An open problem in mobile manipulation is how to represent objects and scenes in a unified manner so that robots can use both for navigation and manipulation. The latter requires capturing intricate geometry while understanding fine-grained semantics, whereas the former involves capturing the complexity inherent at an expansive physical scale. In this work, we present GeFF (Generalizable Feature Fields), a scene-level generalizable neural feature field that acts as a unified representation for both navigation and manipulation that performs in real-time. To do so, we treat generative novel view synthesis as a pre-training task, and then align the resulting rich scene priors with natural language via CLIP feature distillation. We demonstrate the effectiveness of this approach by deploying GeFF on a quadrupedal robot equipped with a manipulator. We quantitatively evaluate GeFF's ability for open-vocabulary object-/part-level manipulation and show that GeFF outperforms point-based baselines in runtime and storage-accuracy trade-offs, with qualitative examples of semantics-aware navigation and articulated object manipulation.
Paper Structure (10 sections, 6 equations, 4 figures, 4 tables)

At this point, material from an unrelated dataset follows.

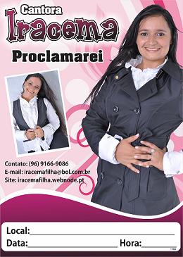 comercial do novo cd da cantora iracema, sendo a apresentação do seu 2º cd PROCLAMAREI está em todas as livrarias de Belém e Macapá.
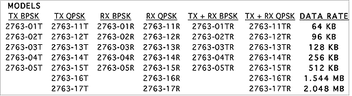BPSK or QPSK 5.4 to 8.4 MHz, crystal controlled, factory set 64, 96, 128, 256, 512 kB/s (BPSK or QPSK); 1.544, 2.048 Mb/s (QPSK only) QPSK, 0.7 X Data Rate; BPSK, 1.4 X Data Rate |

This paper contains 10 sections, 6 equations, 4 figures, 4 tables.

Figures (4)

  • Figure 1: Pre-trained as a generalizable NeRF encoder, GeFF provides a unified scene representation to support robot tasks from a onboard RGB-D stream, offering both real-time geometric information for planning and language-grounded semantics query capability. Compared to LERF Kerr2023-LERF, GeFF runs in real-time without costly per-scene optimization, which enables many potential robotics applications. We demonstrate the efficacy of GeFF in open-world language-conditioned mobile manipulation. Feature visualizations are done by running PCA on high-dimensional feature vectors and normalizing the 3 main components as RGB.
  • Figure 2: Generalizable NeRFs acquire geometric and semantic priors: RGB images are input views from ScanNet dai2017-scannet, color images are PCA visualizations of feature volume projected to the input camera view encoded by an RGB-D Gen-NeRF yangfu2023-sceneprior encoder. Note how semantically similar structures acquire similar features.
  • Figure 3: GeFF compresses and refines multi-view observations: (a) single RGB view; (b) coarse 2D CLIP heatmap with query 'toy duck'; (c) 3D heatmap from GeFF with clean boundary reconstructed from compressed latent representation.
  • Figure 4: Qualitative results of GeFF for diverse tasks: (a) real-time update for dynamic person detection; (b) GeFF enables manipulation by parts; (c) entering a narrow doorway; (d) semantics-aware planning with affordance of 'lawns'. The results are animated in the supplementary video. Images in the second row are PCA visualization of first-person GeFF features.